Qual a razão deste comportamento?, repetia ele à própria
alma. Como ser tão completa e mesquinhamente vil e corrompido e, ao
mesmo tempo, aspirar alguma pureza?
A psicologia e a psiquiatria
o enquadrariam na mais completa normalidade; já
o cristianismo oferecido pela mãe parecia demasiado simples para
satisfazer seu intelecto exigente. Ele precisava de uma explicação que fosse
suficientemente profunda para que ele pudesse acreditar nela. Começou a se
interessar pela filosofia, mas esta igualmente não oferecia solução e só lhe
fazia rir.
Num dia maravilhosamente
imbecil, essa crise de espiritualidade o deixou à beira da estafa mental.

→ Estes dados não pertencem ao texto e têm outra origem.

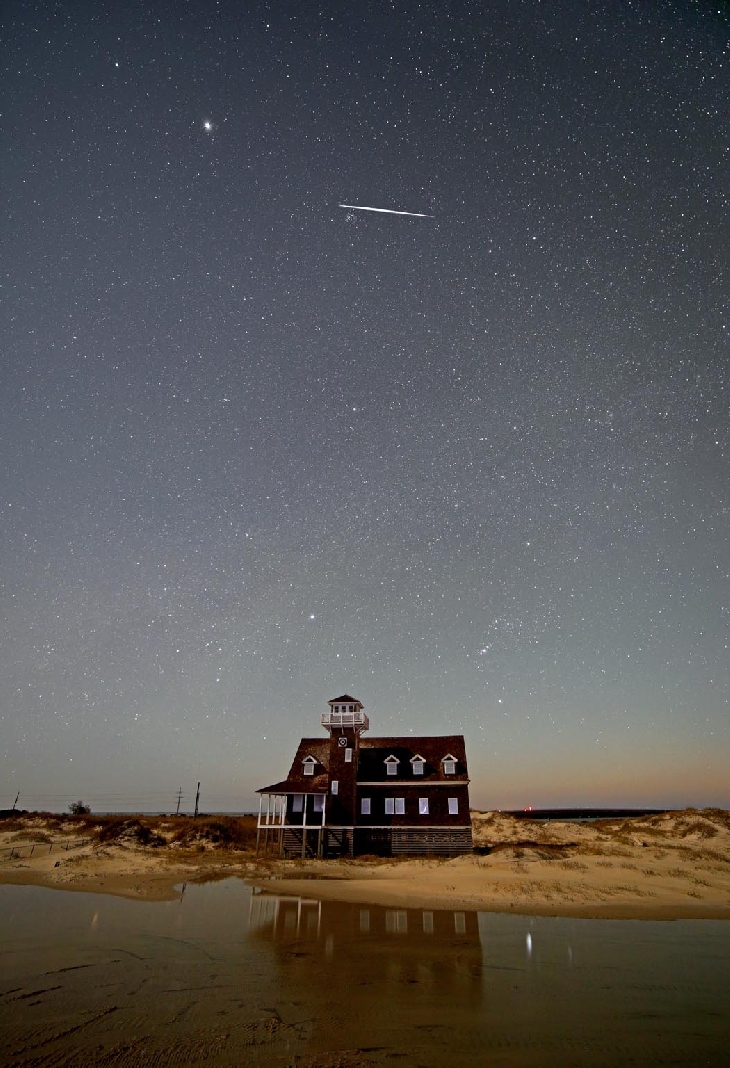 This was the night after the peak, but I did manage a nice fireball over the Oregon Inlet Life Saving Station. Canon 6D, 14mm lens, f4, composite image, ISO 6400 for meteor and 800 for background.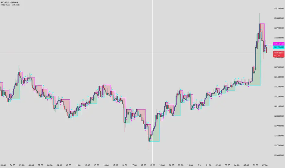 The HALO Oracle is a trend-following indicator that combines Heiken Ashi candles with golden ratio calculations to help you identify market direction and key price levels.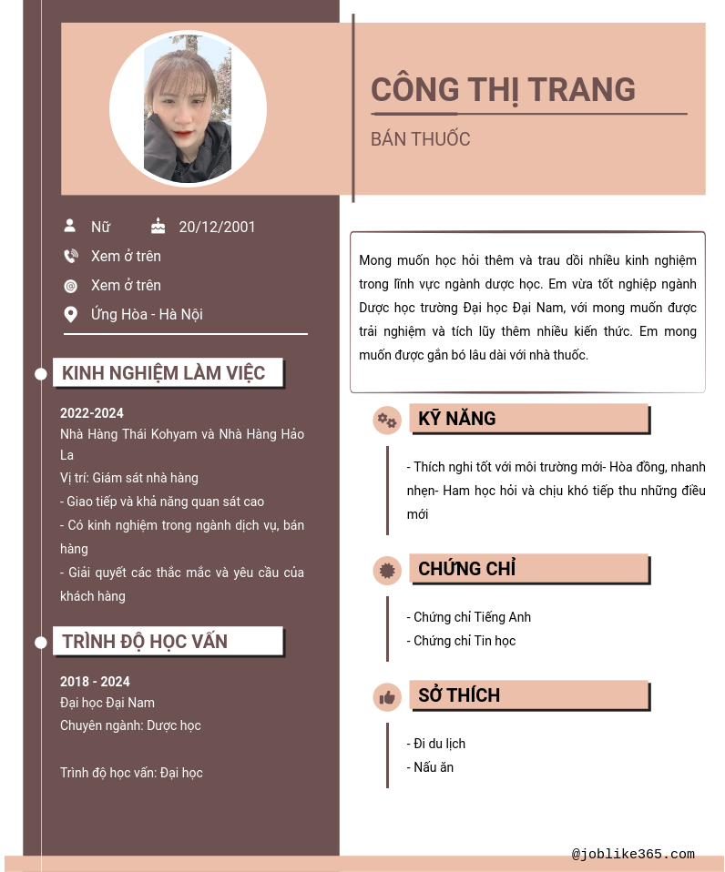 Xem hồ sơ ứng viên công thị trang cần 2 điểm. Hồ sơ được cập nhật ngày: 20/10/2024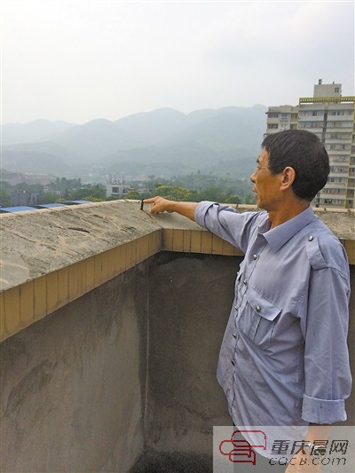 “你看嘛,避雷針就只有那么小點,怎么避雷?”昨天,56歲的蔣洪倫站在2單元的頂樓,指著天臺圍墻上露出的小鐵片氣憤地說。這些小鐵片長約5、6厘米、寬約2厘米,早已被雨水侵蝕得銹跡斑斑。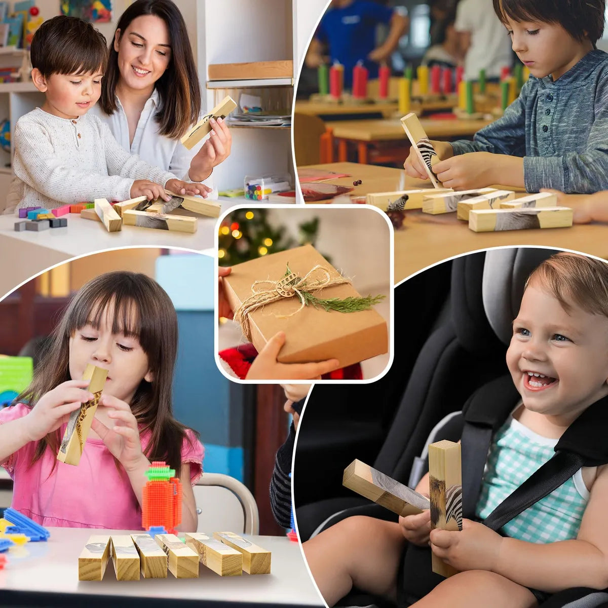 • Wooden Puzzle Blocks × 6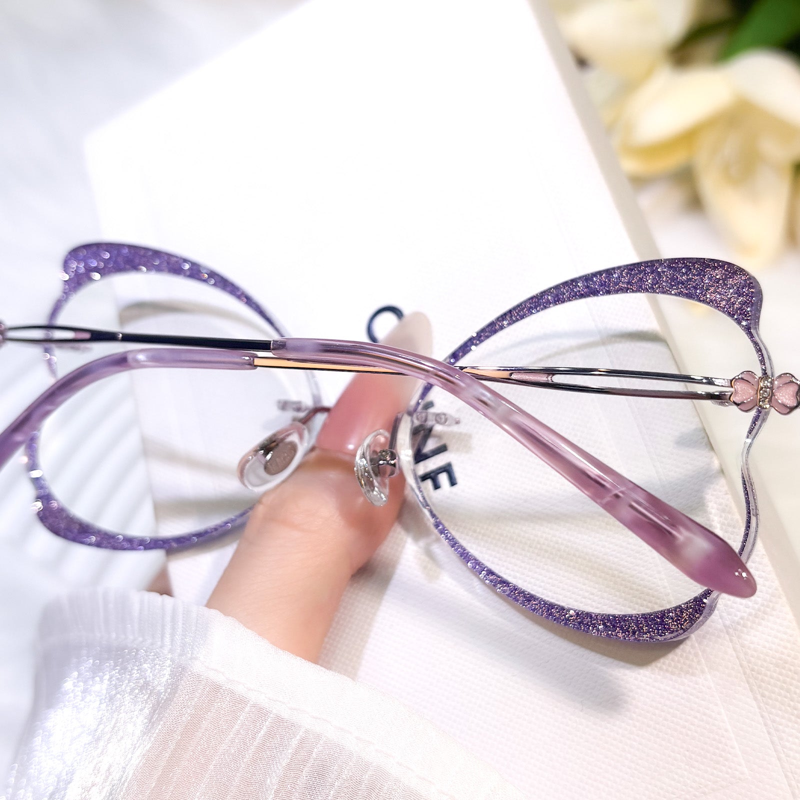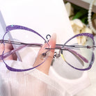 | Exlusive Design | Purple bow-shaped rimless glasses for women, featuring a sweet and unique design. The lenses are formed into lovely bow outlines, full of girly charm. Matching bow decorations on the temples make the whole pair delicate and eye-catching.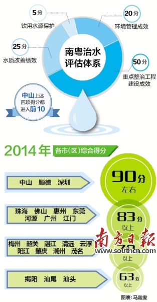 对此,相关专家解释,评估指标体系除了包含水质改善绩效(占25分)外,还包括重点整治工程建设成效(占50分)、环境管理成效(占20分)、饮用水源保护(占5分)共四大类内容。评估采取了自查自评、现场核查、量化评估、意见反馈、总结提升等技术方法。其中,综合得分排首位的中山上述四项得分都进入前十。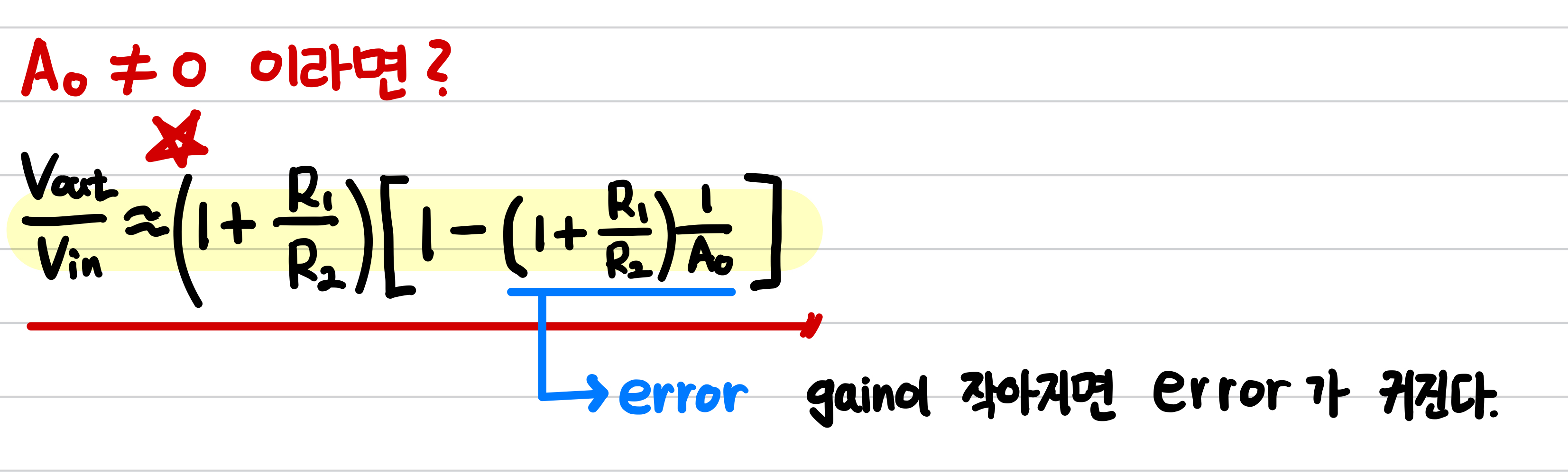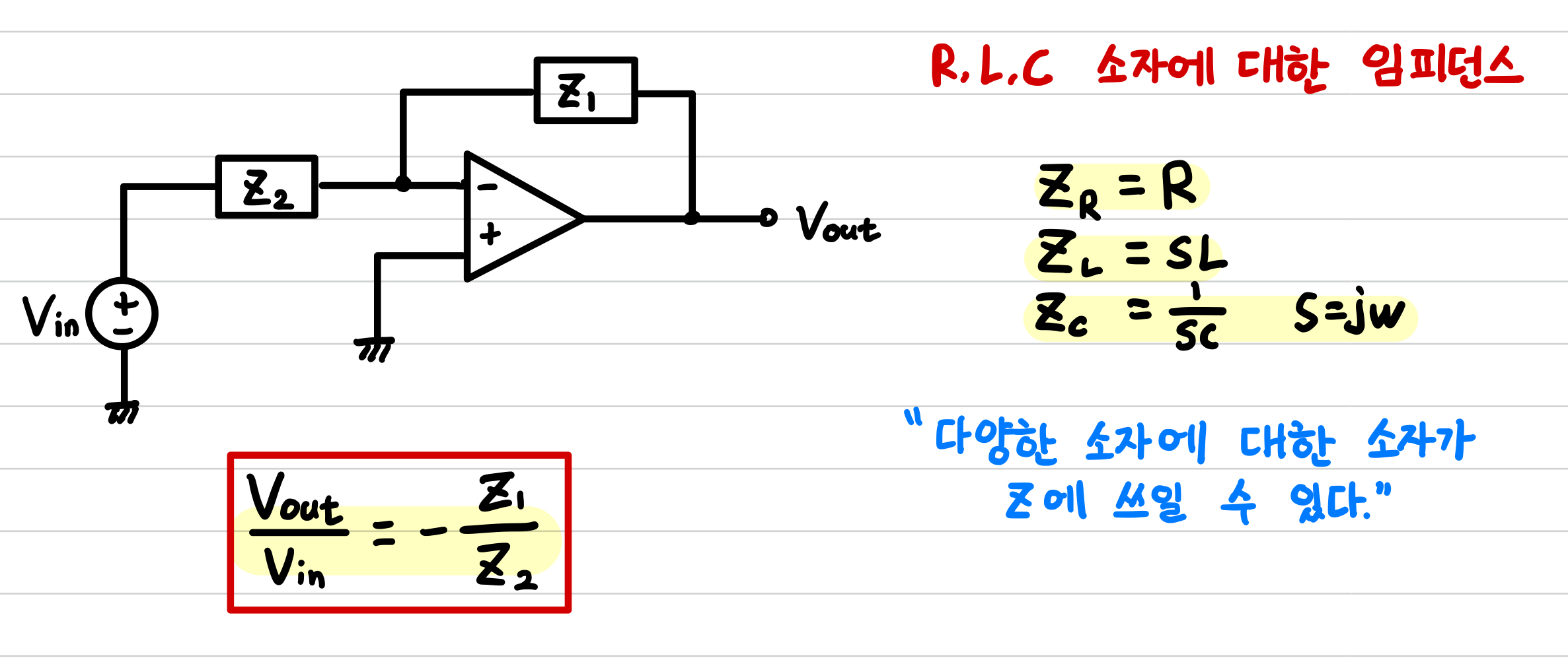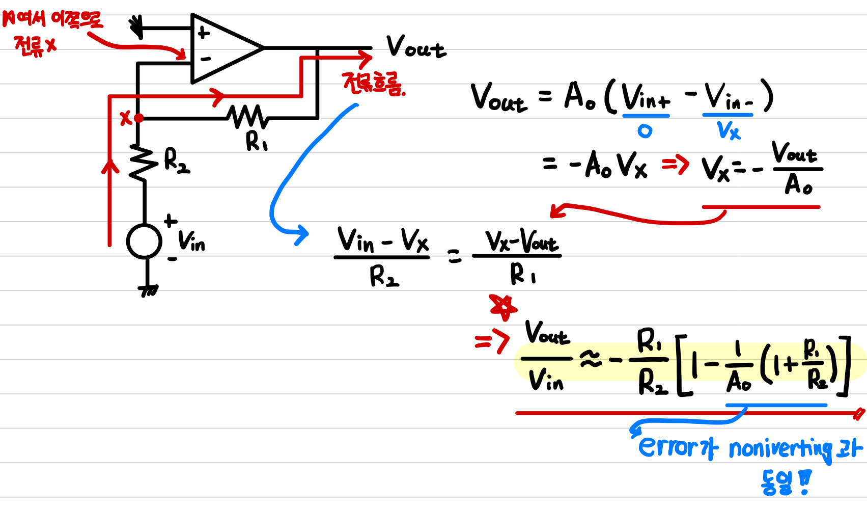 positive input이 ground되면 gain이 음수이다. >> inverting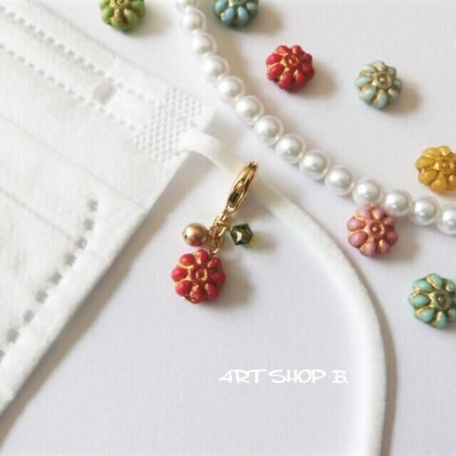 ヨーロッパの伝統工芸でもあるチェコビースがメインにデザインされているマスクチャームです。とても小ぶりなチェコビースなので、さり気なくおしゃれを楽しみたい方にピッタリ。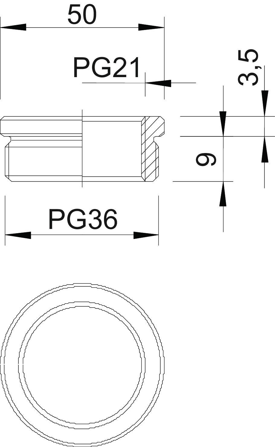 Descrição do produtoRedução (peça H) conforme a norma DIN 46320, com rosca PG conforme DIN 40430, para a transição de um furo roscado PG para um bucim mais pequeno.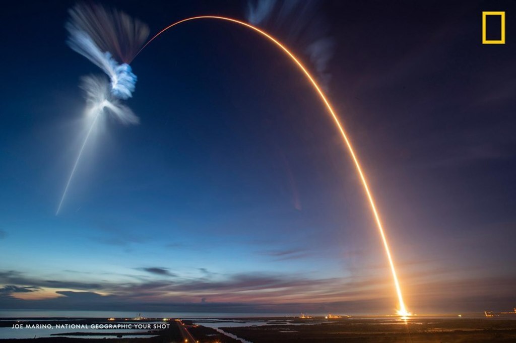 Photographer Joe Marino made a long exposure of a SpaceX Falcon 9 booster launching the SpaceX CRS-15 Dragon spacecraft from the Kennedy Space Center in Florida, USA on June 29, 2018. https://on.natgeo.com/2HOlTixhttps://on.natgeo.com/2HOlTix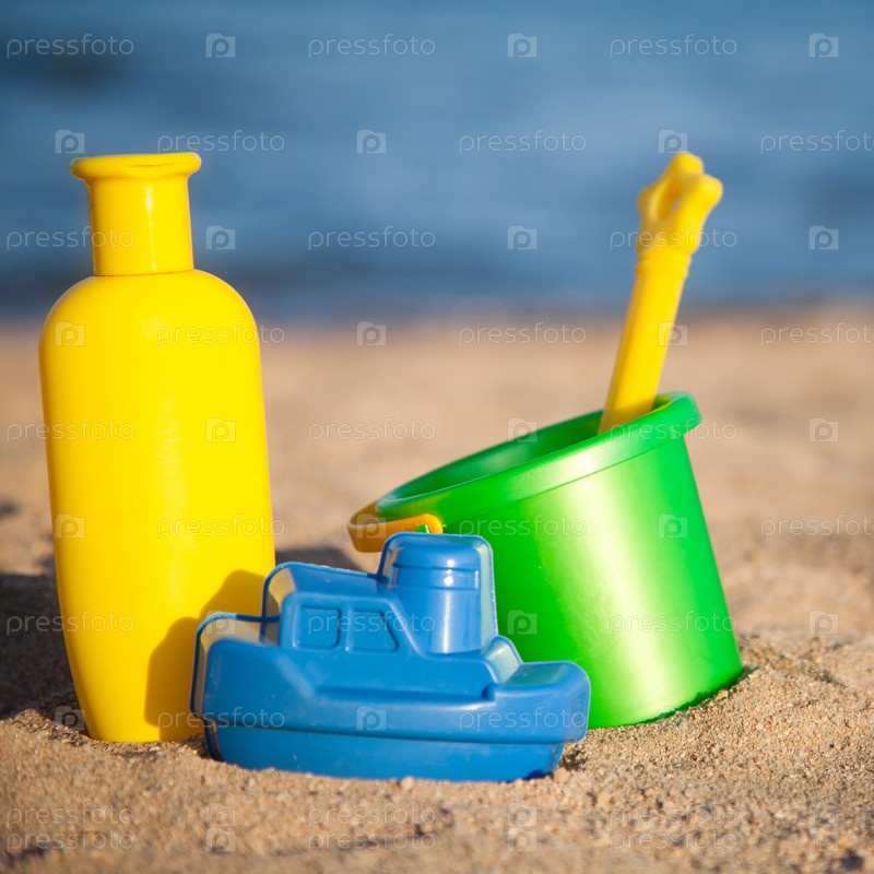 Детские игрушки и солнцезащитный лосьон на пляже. Летние каникулы

Perturbado pela raiva e pela angústia, em estado de indecisão quase
completa, buscou alívio na quietude do bar. Por algum tempo, virou doze ou
treze copos de doses dos mais variados destilados, violentamente. Enfim,
atirou-se sob à mesa e chorou, copiosamente. Contudo, percebeu que
milagrosamente não tinha sequer mísero sinal de
embriaguez. Imediatamente parou de soluçar, levantou-se e, ali mesmo, procurou
na mochila e encontrou uma copia das Epístolas de São Paulo, que
eram de sua mãe, abriu-a e leu as primeiras palavras que viu: "(...) não
na orgia e na embriaguez, não na luxúria e na lascívia, não na disputa e na
inveja. Ao invés disso, tome a si o Senhor Jesus Cristo e não se demore mais
pensando na carne, a fim de saciar seus desejos". Milagre! Foi um milagre
sublime; sonhou, não fez mal em sonhar. Naquele ato, o pecador se converteu;
transformou sua história e estava decidido a ser crente e temente a Deus, mas não
há paraíso sereno e paz na Terra aos homens de boa vontade. Súbito, desencarnou
ao sofrer violentíssimo ataque fulminante do miocárdio em decorrência de
asfixia causada pelo vômito alcoólico.